Page MenuHomePhabricator

Create maintenance script for cleaning up stale indexes
Closed, DuplicatePublic

Description

If reindex fails or is interrupted for some reason, there might be an index left which is not used but prevents further index updates, e.g.:

Looks like the index has more than one identifier. You should delete all
but the one of them currently active. Here is the list: frwiki_content_1494688722,frwiki_content_1495187567

We should make a maintenance script (or option in one of the existing scripts) which would detect which of these indexes is currently active and delete extra indexes. It is possible now to do it manually, but it is prone to error and deleting wrong one by mistake may cause search downtime.

Event Timeline

There is some documentation about how we've manually handled this on wikitech: https://wikitech.wikimedia.org/wiki/Search#Removing_Duplicate_Indices

It wouldn't hurt to have a more direct maintenance script for these things though.

debt triaged this task as Low priority.Jun 1 2017, 5:12 PM
debt moved this task from needs triage to search-icebox on the Discovery-Search board.
debt subscribed.

Looks like a maintenance script could fix this, maybe half a day to a day's worth of effort. It's not quite a slam-dunk easy task, but I've tagged this ticket with good first task and patch-welcome

There's some code in maintenance\updateSuggesterIndex.php (method checkAndDeleteBrokenIndices) that does something similar with some extra checks (check the stats api). I think this code can easily be adapted to run on main indices.
Worth noting that duplicate indices are almost always a consequence of a failed reindex.
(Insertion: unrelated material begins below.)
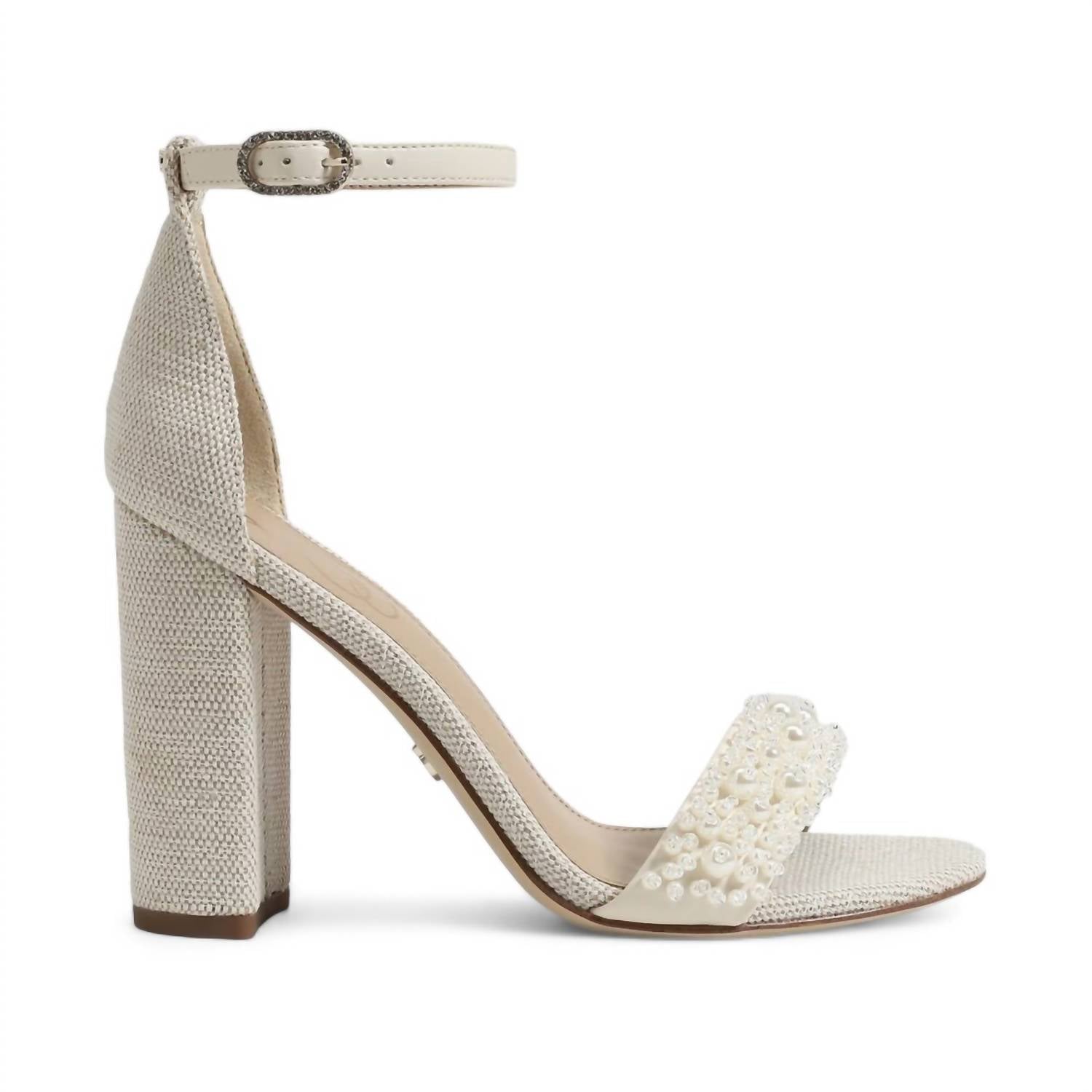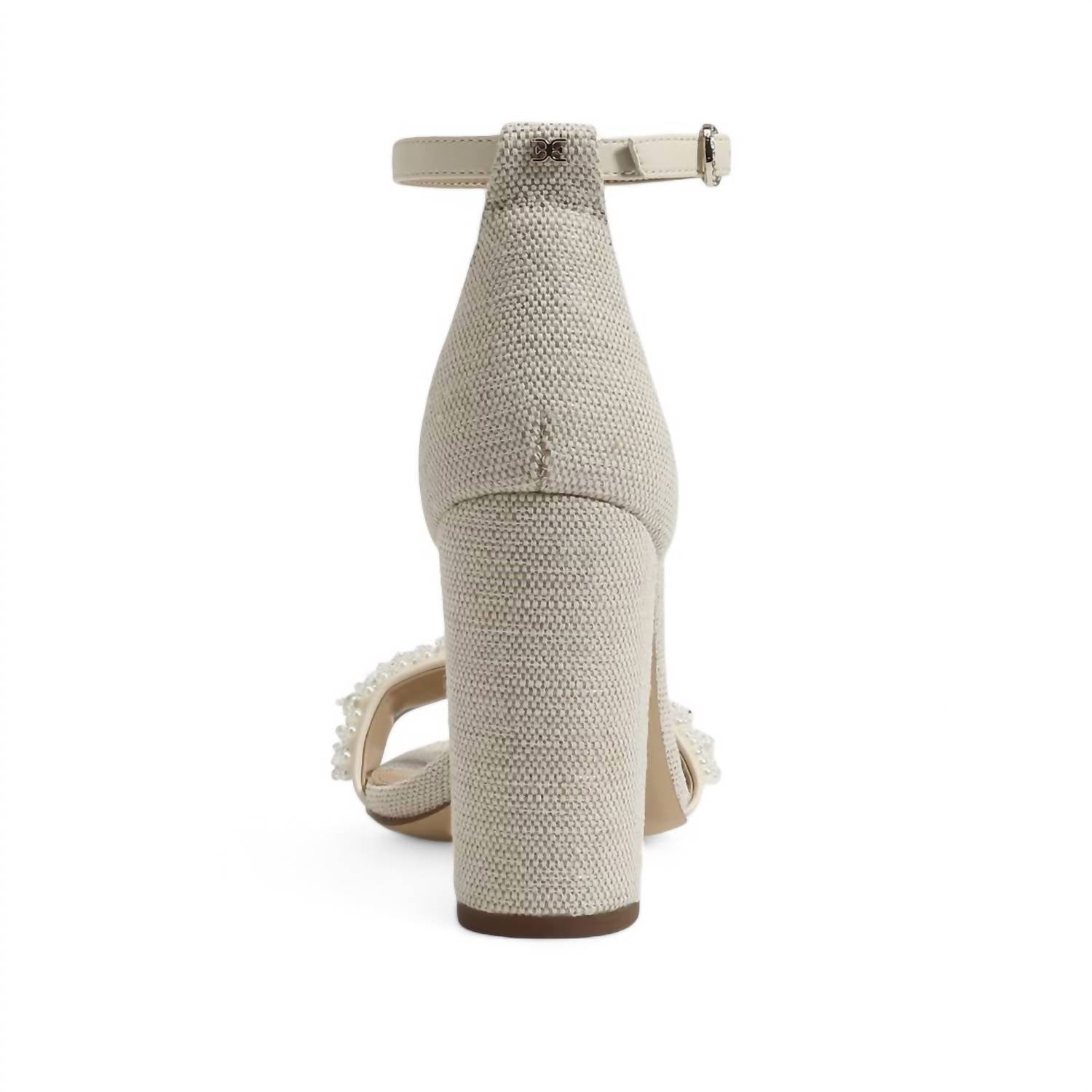 Clássico e charmoso, perfeito para usar o dia todo. Adoramos esta sandália. Esta sandália de salto apresenta um trabalho de contas intrincado, lindamente complementado por um salto escultural de 10 cm e uma tira no tornozelo. Confeccionada em uma combinação de couro, tecido e materiais sintéticos, esta sandália esbanja glamour e sofisticação. A palmilha sintética proporciona conforto e suporte, tornando-a perfeita para um look mais formal ou para adicionar um toque de elegância a qualquer look.

Worth noting that duplicate indices are almost always a consequence of a failed reindex.

Yes, I also have encountered it when I start the reindex and then realize I am not using correct config or indexing wrong wiki or something like that. Stopping the wrong reindex does not delete the new index, and it's not easy to figure out its name if the output of the tool was not captured.

@Aklapper I talked with eugene and he does, I will co mentor with him

@Eugene233, @Zppix: It's unclear to me which codebase this is about, and the task description misses pointers / links to documentation or example implementations. Please also see the project description of good first task how to improve the task description. Thanks!

It's unclear to me which codebase this is about,

CirrusSearch extension, specifically maintenance scripts. I've added the tag.

the task description misses pointers / links to documentation or example implementations

Well, we don't exactly have any implementations for this. But if you look at includes/Maintenance/ConfigUtils.php, in pickIndexIdentifierFromOption, that's how it checks if there are more than one indexes. Now what needs to be done when this new script is run is to check which of them is linked to the main alias (i.e. frwiki_content would be an alias for frwiki_content_1494688722), list others, ask the user for confirmation and if the user confirms (or it is run with --yes option) delete the others.

The script should do it for all indexes belonging to the wiki - content, general, suggester & archive. Check also UpdateOneSearchIndexConfig for general code that handles the updates - and validateAlias function there.

Thanks Smalyshev!
@Eugene233, @Zppix: If you definitely do feel knowledgeable enough to mentor this task and any potential implementation questions here, feel free to improve the task description to make clear what exactly is expected from a contributor. Then we could offer this task in Google Code-in. But that is up to your judgement.